[Extracted records]
Start of Block

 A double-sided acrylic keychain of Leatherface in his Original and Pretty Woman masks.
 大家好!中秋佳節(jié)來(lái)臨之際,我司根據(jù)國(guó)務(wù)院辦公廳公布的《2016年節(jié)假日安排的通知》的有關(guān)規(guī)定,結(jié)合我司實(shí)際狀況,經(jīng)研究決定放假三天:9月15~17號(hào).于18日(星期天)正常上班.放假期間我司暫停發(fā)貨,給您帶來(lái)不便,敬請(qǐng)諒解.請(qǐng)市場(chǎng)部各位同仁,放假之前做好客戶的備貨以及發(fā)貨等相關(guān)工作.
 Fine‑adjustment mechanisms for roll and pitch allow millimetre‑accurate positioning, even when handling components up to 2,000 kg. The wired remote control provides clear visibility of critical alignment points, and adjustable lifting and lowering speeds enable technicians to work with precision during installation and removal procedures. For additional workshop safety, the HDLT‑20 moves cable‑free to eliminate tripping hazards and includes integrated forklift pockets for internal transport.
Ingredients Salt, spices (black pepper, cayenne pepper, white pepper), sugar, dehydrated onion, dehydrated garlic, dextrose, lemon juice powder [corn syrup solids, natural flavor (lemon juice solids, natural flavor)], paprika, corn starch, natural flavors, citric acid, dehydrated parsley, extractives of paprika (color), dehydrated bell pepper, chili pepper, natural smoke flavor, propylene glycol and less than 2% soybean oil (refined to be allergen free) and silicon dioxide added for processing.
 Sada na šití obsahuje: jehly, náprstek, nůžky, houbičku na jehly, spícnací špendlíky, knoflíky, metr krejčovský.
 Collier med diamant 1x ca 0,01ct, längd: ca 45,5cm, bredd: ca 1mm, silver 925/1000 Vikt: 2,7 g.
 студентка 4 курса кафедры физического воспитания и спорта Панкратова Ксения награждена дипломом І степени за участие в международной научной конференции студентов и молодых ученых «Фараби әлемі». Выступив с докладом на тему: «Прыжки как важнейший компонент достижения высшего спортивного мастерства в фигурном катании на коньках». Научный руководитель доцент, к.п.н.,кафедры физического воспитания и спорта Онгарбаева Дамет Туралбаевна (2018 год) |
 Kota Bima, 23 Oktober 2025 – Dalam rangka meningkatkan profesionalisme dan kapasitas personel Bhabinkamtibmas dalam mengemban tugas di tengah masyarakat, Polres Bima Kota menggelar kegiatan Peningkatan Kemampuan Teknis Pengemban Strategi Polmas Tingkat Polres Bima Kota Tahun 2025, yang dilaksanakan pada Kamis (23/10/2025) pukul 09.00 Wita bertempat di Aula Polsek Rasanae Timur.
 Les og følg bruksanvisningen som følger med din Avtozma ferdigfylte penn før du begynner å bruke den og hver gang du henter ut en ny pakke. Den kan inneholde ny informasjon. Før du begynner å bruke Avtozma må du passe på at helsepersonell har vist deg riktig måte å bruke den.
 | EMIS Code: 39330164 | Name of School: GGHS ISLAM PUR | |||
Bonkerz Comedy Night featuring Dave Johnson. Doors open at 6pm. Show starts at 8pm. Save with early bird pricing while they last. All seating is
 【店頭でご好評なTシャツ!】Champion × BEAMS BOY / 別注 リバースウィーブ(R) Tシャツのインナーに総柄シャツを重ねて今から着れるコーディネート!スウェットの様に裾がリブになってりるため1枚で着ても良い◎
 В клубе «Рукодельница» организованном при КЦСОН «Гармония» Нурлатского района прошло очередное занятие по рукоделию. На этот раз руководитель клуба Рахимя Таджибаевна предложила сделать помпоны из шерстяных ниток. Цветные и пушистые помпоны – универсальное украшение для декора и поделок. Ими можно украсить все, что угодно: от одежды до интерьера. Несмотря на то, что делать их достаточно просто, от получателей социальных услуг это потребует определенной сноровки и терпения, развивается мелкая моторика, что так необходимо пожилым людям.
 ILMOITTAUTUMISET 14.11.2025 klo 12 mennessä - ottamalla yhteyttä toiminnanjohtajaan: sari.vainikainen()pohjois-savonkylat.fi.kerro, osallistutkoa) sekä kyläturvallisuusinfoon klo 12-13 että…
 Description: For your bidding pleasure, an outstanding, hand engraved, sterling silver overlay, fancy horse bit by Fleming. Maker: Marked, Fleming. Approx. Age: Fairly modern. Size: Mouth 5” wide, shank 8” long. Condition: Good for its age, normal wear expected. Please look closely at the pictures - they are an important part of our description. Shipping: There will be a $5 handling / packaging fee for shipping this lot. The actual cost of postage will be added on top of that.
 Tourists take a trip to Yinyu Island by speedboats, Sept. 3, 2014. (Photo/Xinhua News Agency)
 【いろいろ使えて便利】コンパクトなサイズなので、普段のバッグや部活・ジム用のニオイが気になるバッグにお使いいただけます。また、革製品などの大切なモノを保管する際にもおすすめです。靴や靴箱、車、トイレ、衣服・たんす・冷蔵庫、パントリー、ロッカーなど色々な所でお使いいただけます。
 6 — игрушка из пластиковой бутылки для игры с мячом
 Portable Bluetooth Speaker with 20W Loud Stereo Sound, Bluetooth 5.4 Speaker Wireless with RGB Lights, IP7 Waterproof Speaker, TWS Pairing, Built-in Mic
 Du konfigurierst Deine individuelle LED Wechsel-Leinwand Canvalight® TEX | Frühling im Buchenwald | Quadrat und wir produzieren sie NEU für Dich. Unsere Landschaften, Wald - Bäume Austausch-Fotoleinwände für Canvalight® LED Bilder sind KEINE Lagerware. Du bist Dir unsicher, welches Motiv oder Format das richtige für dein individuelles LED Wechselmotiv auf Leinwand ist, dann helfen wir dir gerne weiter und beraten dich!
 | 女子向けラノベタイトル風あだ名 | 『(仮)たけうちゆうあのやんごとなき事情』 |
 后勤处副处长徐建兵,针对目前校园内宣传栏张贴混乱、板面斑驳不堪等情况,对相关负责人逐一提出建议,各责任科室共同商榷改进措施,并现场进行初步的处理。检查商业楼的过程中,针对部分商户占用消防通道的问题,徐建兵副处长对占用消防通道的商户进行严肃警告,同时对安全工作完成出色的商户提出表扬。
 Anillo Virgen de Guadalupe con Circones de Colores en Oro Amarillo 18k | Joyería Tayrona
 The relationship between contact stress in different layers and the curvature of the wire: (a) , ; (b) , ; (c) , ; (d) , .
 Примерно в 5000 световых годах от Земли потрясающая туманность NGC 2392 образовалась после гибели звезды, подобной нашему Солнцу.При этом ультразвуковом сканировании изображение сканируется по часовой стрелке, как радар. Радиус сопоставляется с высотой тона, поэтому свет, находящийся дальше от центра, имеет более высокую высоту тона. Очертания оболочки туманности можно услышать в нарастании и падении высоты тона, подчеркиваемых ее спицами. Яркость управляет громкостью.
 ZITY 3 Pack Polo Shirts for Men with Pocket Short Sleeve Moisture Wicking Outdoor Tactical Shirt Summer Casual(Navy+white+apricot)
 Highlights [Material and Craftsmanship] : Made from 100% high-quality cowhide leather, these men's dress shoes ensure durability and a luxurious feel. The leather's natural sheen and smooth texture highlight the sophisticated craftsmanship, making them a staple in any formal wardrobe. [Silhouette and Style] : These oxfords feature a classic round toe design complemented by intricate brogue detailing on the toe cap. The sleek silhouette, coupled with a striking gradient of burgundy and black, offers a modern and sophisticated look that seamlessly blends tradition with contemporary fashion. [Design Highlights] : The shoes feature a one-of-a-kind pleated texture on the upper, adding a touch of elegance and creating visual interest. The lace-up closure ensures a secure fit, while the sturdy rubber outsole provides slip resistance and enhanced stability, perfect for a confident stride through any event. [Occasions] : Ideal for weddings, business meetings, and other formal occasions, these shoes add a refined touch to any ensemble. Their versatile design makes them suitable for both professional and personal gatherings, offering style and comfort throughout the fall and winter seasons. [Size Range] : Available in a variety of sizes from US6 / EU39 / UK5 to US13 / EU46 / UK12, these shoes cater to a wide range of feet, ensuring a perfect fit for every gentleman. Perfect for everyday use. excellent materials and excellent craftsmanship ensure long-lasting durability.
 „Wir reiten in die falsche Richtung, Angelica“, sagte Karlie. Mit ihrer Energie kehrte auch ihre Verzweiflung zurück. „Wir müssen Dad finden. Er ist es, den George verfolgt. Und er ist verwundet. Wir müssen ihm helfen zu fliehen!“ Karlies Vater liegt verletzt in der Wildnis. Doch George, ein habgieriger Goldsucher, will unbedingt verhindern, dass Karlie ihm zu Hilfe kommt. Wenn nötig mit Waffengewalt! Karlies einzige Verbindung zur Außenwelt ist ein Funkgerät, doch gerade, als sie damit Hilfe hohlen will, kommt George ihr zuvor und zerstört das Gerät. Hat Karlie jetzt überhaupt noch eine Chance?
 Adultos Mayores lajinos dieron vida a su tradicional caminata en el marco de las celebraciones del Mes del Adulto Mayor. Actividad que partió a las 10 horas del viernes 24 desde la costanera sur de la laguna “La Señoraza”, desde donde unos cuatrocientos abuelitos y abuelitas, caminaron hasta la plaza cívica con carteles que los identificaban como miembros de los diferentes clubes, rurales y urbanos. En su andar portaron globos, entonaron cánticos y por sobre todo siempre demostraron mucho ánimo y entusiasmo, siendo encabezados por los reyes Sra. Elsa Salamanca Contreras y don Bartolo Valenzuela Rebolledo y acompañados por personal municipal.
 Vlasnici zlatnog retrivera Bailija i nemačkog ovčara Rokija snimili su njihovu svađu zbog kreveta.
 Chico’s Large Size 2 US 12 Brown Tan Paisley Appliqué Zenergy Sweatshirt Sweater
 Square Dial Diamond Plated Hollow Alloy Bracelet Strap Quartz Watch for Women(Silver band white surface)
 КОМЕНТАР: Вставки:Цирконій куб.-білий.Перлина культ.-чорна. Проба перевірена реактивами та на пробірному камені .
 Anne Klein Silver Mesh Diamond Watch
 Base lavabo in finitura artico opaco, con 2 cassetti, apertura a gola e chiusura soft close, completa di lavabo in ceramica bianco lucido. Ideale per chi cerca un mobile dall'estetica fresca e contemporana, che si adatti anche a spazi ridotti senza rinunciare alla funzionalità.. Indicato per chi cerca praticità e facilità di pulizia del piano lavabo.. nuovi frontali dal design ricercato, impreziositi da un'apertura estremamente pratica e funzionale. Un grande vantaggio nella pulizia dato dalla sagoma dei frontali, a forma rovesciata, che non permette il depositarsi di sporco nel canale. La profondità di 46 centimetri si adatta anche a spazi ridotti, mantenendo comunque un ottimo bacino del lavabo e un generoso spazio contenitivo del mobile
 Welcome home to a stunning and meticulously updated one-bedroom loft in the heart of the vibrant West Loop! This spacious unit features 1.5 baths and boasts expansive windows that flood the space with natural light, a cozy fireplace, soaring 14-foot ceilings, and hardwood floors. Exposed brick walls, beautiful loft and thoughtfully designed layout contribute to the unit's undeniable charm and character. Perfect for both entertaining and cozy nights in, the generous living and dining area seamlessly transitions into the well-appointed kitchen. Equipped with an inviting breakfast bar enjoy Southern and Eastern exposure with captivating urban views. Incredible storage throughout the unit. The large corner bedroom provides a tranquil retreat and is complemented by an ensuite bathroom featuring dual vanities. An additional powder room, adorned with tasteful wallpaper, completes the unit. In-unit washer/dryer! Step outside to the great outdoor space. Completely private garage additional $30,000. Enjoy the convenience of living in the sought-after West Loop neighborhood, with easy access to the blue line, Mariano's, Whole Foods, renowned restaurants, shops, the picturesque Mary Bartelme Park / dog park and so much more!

End of Block

▸ **Task item**
All lines of the entries containing the string "helfen" must be shown in full.

▸ **Response to the exercise**
 Du konfigurierst Deine individuelle LED Wechsel-Leinwand Canvalight® TEX | Frühling im Buchenwald | Quadrat und wir produzieren sie NEU für Dich. Unsere Landschaften, Wald - Bäume Austausch-Fotoleinwände für Canvalight® LED Bilder sind KEINE Lagerware. Du bist Dir unsicher, welches Motiv oder Format das richtige für dein individuelles LED Wechselmotiv auf Leinwand ist, dann helfen wir dir gerne weiter und beraten dich!
 „Wir reiten in die falsche Richtung, Angelica“, sagte Karlie. Mit ihrer Energie kehrte auch ihre Verzweiflung zurück. „Wir müssen Dad finden. Er ist es, den George verfolgt. Und er ist verwundet. Wir müssen ihm helfen zu fliehen!“ Karlies Vater liegt verletzt in der Wildnis. Doch George, ein habgieriger Goldsucher, will unbedingt verhindern, dass Karlie ihm zu Hilfe kommt. Wenn nötig mit Waffengewalt! Karlies einzige Verbindung zur Außenwelt ist ein Funkgerät, doch gerade, als sie damit Hilfe hohlen will, kommt George ihr zuvor und zerstört das Gerät. Hat Karlie jetzt überhaupt noch eine Chance?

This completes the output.